The keepers of the Doomsday Clock on Thursday moved the symbolic countdown to global disaster to the closest point to midnight in its 73-year history, citing “existential danger” from nuclear war and climate change, per the AP. The Bulletin of the Atomic Scientists, which was founded after the creation of the atomic bomb in World War II and focuses on the greatest threats to human survival, said it moved the clock from two minutes to midnight to 100 seconds to midnight—a 20-second advance. The decision was made by the group’s science and security board, in consultations with its board of sponsors, which includes 13 Nobel laureates. The Doomsday Clock didn’t move in 2019, but in 2018 it advanced by 30 seconds to two minutes to midnight.

“We are now expressing how close the world is to catastrophe in seconds—not hours, or even minutes," said Rachel Bronson, president and CEO of the Bulletin of the Atomic Scientists. “We now face a true emergency—an absolutely unacceptable state of world affairs that has eliminated any margin for error or further delay,” she said.

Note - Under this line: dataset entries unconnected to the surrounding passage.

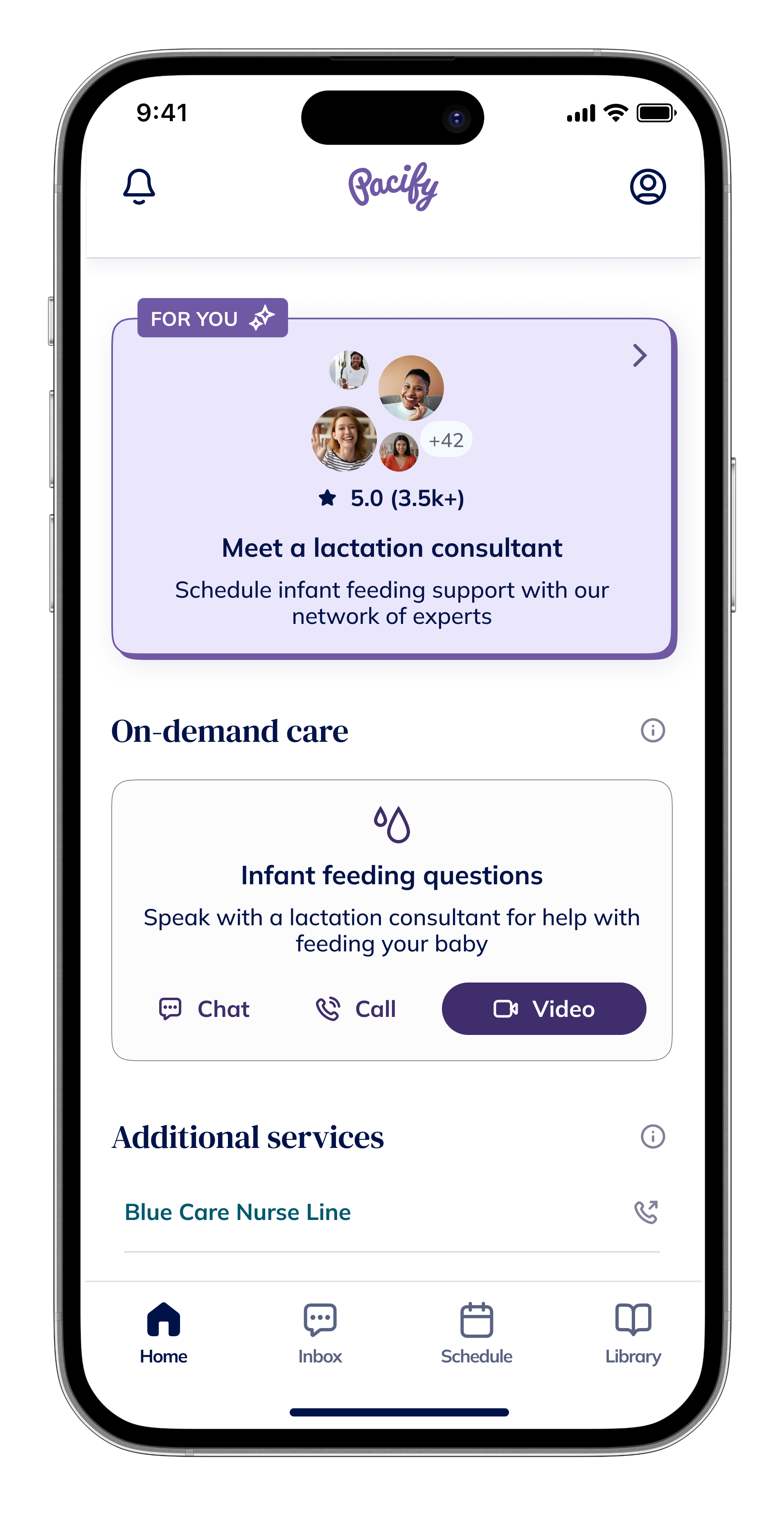 Access expert support directly from your phone with the Pacify app. Whether you need help with labor, infant feeding, or adjusting to life with your newborn, get trusted advice anytime, anywhere.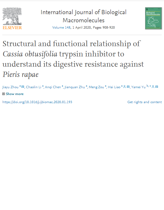 生命科学与工程学院“药用植物资源与分子生物学实验室”在国际刊物International Journal of Biological Macromolecules(IF4.784,JCR一区)在线发表文章“Structural and functional relationship of Cassia obtusifolia trypsin inhibitor to understand its digestive resistance against Pieris rapae”。 该文在撰写过程中得到了清华大学隋森芳教授(西南交通大学双聘院士)与西南交通大学黄新河副教授的指点,特此表示感谢。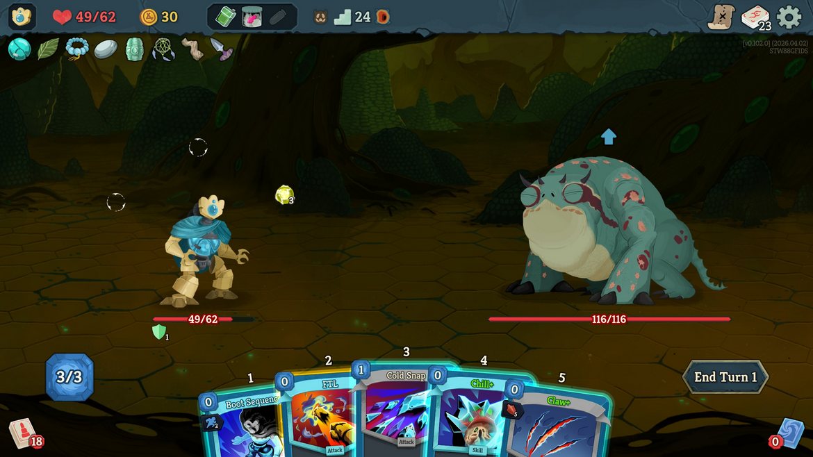 Det första som blir tydligt är hur starkt spelet lutar sig mot sin grund. Precis som i originalet handlar det om att ta sig uppför spiran genom turbaserade strider, där du bygger din kortlek längs vägen genom belöningar, möten och vägval. Kartan breder återigen ut sig i förgrenade stigar där varje val av väg innebär en avvägning mellan risk och möjlighet. Striderna är fortfarande turbaserade, och kortleken är fortfarande navet kring vilket allt kretsar. Det är en struktur som inte bara känns igen – den känns trygg. Det finns en tydlig medvetenhet i hur lite som faktiskt förändrats på ytan. Uppföljaren verkar inte vilja ersätta originalet, utan snarare fördjupa det.

In a statement accompanying the clock’s advance, the organization said the nuclear and climate dangers “are compounded by a threat multiplier, cyber-enabled information warfare that undercuts society’s ability to respond.” The world situation is dire, "not just because these threats exist, but because world leaders have allowed the international political infrastructure for managing them to erode," says the group.